See Colorado salary details

$30

$65

$101

How much do clinical coding jobs pay per hour?

As of Jun 27, 2026, the average hourly pay for clinical coding in Colorado is $65.74, according to ZipRecruiter salary data. Most workers in this role earn between $53.32 and $74.04 per hour, depending on experience, location, and employer.

How do you become a clinical coder?

To become a clinical coder, you typically need a relevant qualification such as a diploma or degree in health information management, medical coding, or a related field. Gaining certification from professional bodies like the American Health Information Management Association (AHIMA) or the American Academy of Professional Coders (AAPC) can improve job prospects, and proficiency with coding tools and medical terminology is essential.

What is a Clinical Coding job?

A Clinical Coding job involves translating medical diagnoses, procedures, and treatments into standardized codes using classification systems like ICD-10 and OPCS-4. Clinical Coders play a crucial role in ensuring accurate patient records, supporting hospital funding, and enabling healthcare data analysis. They work closely with healthcare professionals to ensure codes reflect the patient's care accurately. This helps with insurance claims, research, and healthcare planning. Strong attention to detail and knowledge of medical terminology are essential skills in this role.

What do you do as a clinical coder?

A clinical coder reviews patient medical records and assigns standardized codes for diagnoses, procedures, and treatments using classification systems like ICD and CPT. This process ensures accurate billing, data collection, and healthcare analysis, often requiring attention to detail and familiarity with coding software. Clinical coders typically work in healthcare settings and may need certification to demonstrate their expertise.
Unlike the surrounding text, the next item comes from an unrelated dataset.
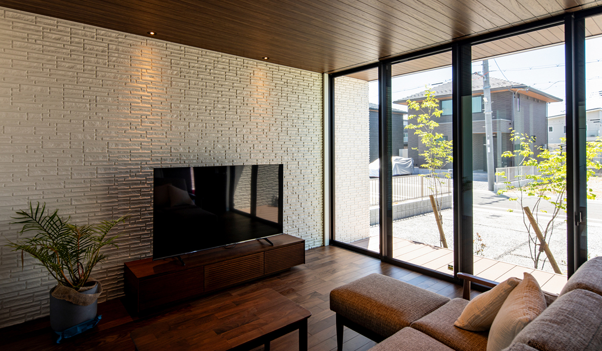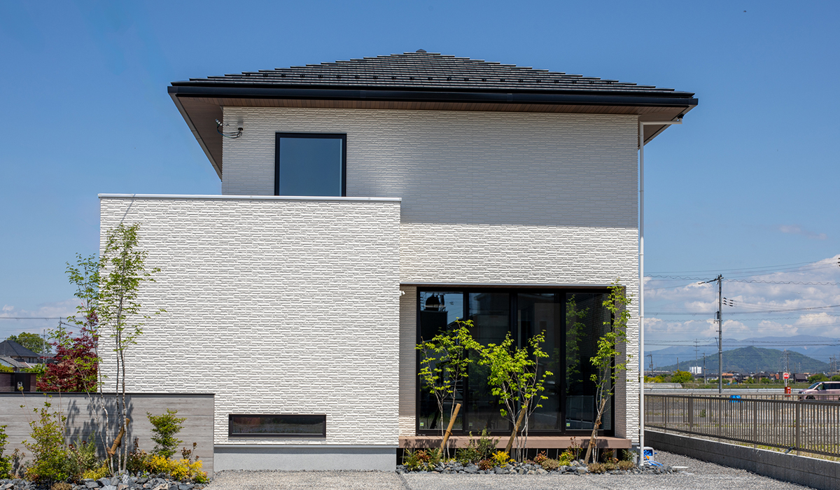 「内」と「外」が溶け合うような暮らし。リビングと庭が緩やかにつながることで、空間に広がりと奥行きを与え、日常の中に豊かな変化が生まれます。室内の壁と外壁を同じ外壁でつなげることで「内」と「外」が溶け合い、より内部空間の広がりを感じることができます。

What pays more, CCS or CPC?

Clinical Coding Specialists (CCS) and Certified Professional Coders (CPC) are certifications for medical coding professionals. Generally, CCS coders tend to earn higher salaries due to their focus on hospital coding and more complex cases, while CPC coders often work in outpatient settings. Salary differences can also depend on experience, location, and employer.

What are the key skills and qualifications needed to thrive in the Clinical Coding position, and why are they important?

To thrive in Clinical Coding, you need a solid understanding of medical terminology, anatomy, and healthcare documentation, usually supported by a relevant qualification such as a certificate or diploma in clinical coding or health information management. Familiarity with coding systems like ICD-10, CPT, and electronic health record (EHR) software is essential, and recognized certifications (e.g., CCS or CCA) are highly valued. Attention to detail, analytical thinking, and effective communication skills help clinical coders ensure accuracy and collaborate with healthcare professionals. These capabilities are vital to produce precise coding that supports hospital billing, regulatory compliance, and quality patient care data.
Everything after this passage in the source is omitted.